We analyzed the IgM and IgG cross-reactivity of all the samples described. Sera from different groups were tested at different dilutions in ELISA plates coated with 3 μg/mL of the rE-ZIKV antigen. The cutoff OD value for a positive result was defined as two standard deviations from the mean OD of sera from uninfected individuals from a nonendemic area (NEA). The IgM cross-reactive responses were analyzed from the two clinical forms DF and DHF; the samples showed wide cross-reactivity (1 : 800) against rE-ZIKV. The total of DHF and DF samples included in the groups showed cross-reactivities of 41.7% and 27.5%, respectively, with the rE-ZIKV antigen. Interestingly only 42% of ZIKV-positive samples recognized the homologous protein rE-ZIKV. Only two of the negative sera reacted to the rE-ZIKV protein. This suggests that the specific IgM class antibodies present in the sera of patients with dengue cross-recognize the rE-ZIKV. Subsequently, IgG class cross-reactive antibodies against rE-ZIKV in DF and DHF patients were analyzed. Most of the samples from the NEA were negative against rE-ZIKV (95%). Among the different groups, we again observed a wide distribution of OD values in samples of both DF and DHF groups; however, interestingly, 71.3% of DF serum samples cross-reacted with rE-ZIKV protein, in contrast with 50% of the DHF serum samples. Finally, only 29.5% of the samples from patients with a Zika diagnosis recognized the rE-ZIKV protein. Nevertheless, a lower percentage of positive responders against rE-ZIKV were observed in patients with acute ZIV infection; thus, the memory response might have been due to the previous contact with DENV. These data reflect the similarities and abundances of common epitopes between DENV and ZIKV (Figure 3).

When we compared the IgG antibody response at the same dilution (1 : 100) of the sera from patients with different clinical forms of dengue (DF and DHF) and Zika (all in the acute phase) against both recombinant antigens rE-ZIKV and rPrME-DENV2, the serum samples from DF and DHF patients against the two antigens showed significantly higher responses against the homologous rPrME-DENV antigen than against the antigen rE-ZIKV. We did not find any difference in the magnitude of the response between the two clinical forms DF and DHF. In contrast, Zika sera showed a lower reactivity against both antigens (Figure 4) but higher reactivity against the homologous antigen rE-ZIKV.
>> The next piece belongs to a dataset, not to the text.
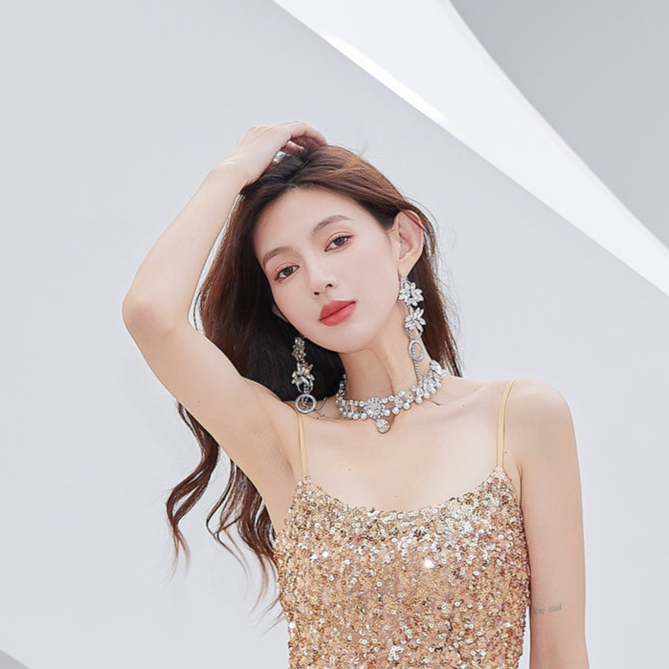 Indulge in the utmost elegance with the DOLLY Luxury Sliver European Style Flower Diamond Tassel Earrings. Designed to embody sophistication, these CHIC earrings feature a stunning diamond-studded flower and tassels for a touch of exclusivity to any outfit. Elevate your style with these exquisite earrings.

3.4. Serum Samples from DF and DHF Patients Possess an Enhancing Effect on ZIKV

In DENV-endemic areas, all four DENV serotypes frequently circulate at the same time or are cyclically replaced depending on the year. Thus, the highly cross-reactive antibodies observed above may have shown Fcγ-mediated enhanced uptake of the antibody-virus complex (the ADE phenomenon).
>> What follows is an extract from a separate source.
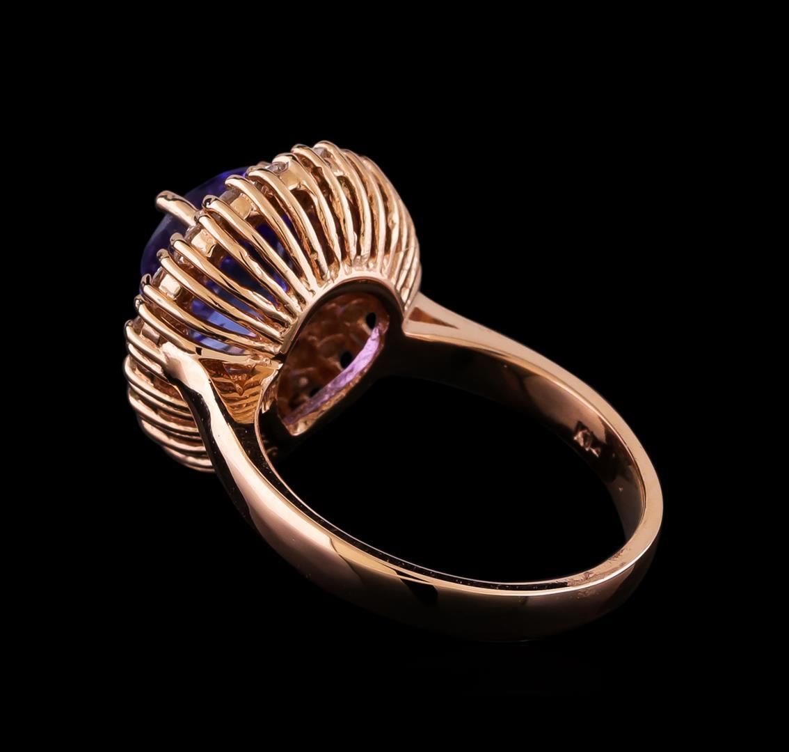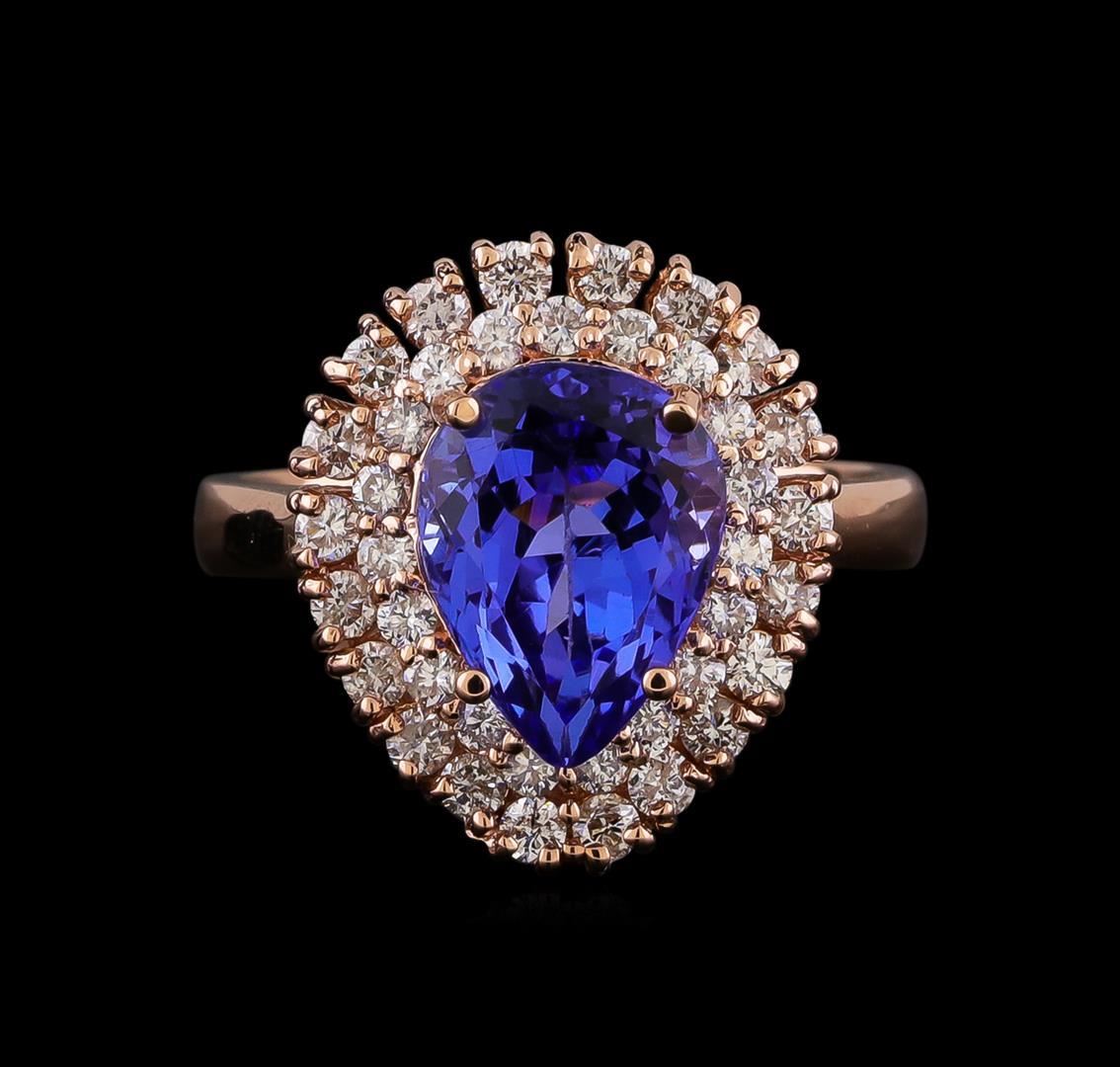 One electronically tested 14KT rose gold lady's cast fashion ring with a double basket halo with a bright polish finish. The featured lady's has a shank measuring 2.85 millimeters in width. Identified with markings of "K14". Condition is new, good workmanship. Containing: One prong set pear modified brilliant cut natural tanzanite, measuring 10.80 x 8.24 x 5.99mm, (depth est.) approximate weight of 3.45ct., clarity is eye clean, medium dark, moderately strong, bluish violet color, (GIA bV 6/4), cut is very good. Transmitting light with no distortion, transparent. Colored gemstones are presumed to have been subjected to commonly used enhancement processes. Graded in the setting. Twenty prong set round brilliant cut diamonds, measuring 1.90 - 1.85 x 1.17mm (depth est.) approximate total weight of 20 Stones = 0.50ct. Graded in the setting. Clarity: SI-1 to I-1. Color: H - I. Cut Good Nineteen prong set round brilliant cut diamonds, measuring 1.70 - 1.65 x 1.04mm (depth est.) approximate total weight of 19 Stones = 0.35ct. Graded in the setting. Clarity: SI-1 to SI-2. Color: H - I. Cut Good. Total Weight of Colored Stones 3.45ct. Total Weight of Diamonds 0.85ct. Total Weight of Ring 6.60gm.

Twenty-five serum samples randomly selected from each group were analyzed; DF and DHF (acute phase) groups were used to determine whether immunity against DENV had any effect in enhancing ZIKV infection in vitro. Serially diluted serum samples were incubated with ZIKV, and these mixtures were used to infect semiadherent K562 cells bearing the Fc-gamma receptor (FcR) for 24 h. The percentage of infection was determined using flow cytometry. Figure 5(a) shows a representative dot plot for one serum sample of each clinical form: DF and DHF. Figure 5(b) represents the whole group analyzed for both DF (A) and DHF (B); both groups showed broad diversity in the enhancement of ZIKV at lower dilutions. Meanwhile, few DF sera samples very efficiently enhanced ZIKV infection, which could reach up to 70% infection, with most of them decreasing this effect at higher dilutions. In contrast, in the DHF group, the enhancement of the infection was maintained even at dilutions as high as 10-6 (Supplementary Fig. 1). Thus, when the two groups were compared, DHF sera showed a significantly stronger enhancement effect over ZIKV compared to DF sera. Figure 5(c) shows a graph of both DF and DHF showing the higher dilution at which enhancement was still observed, considering 5% infection a positive result.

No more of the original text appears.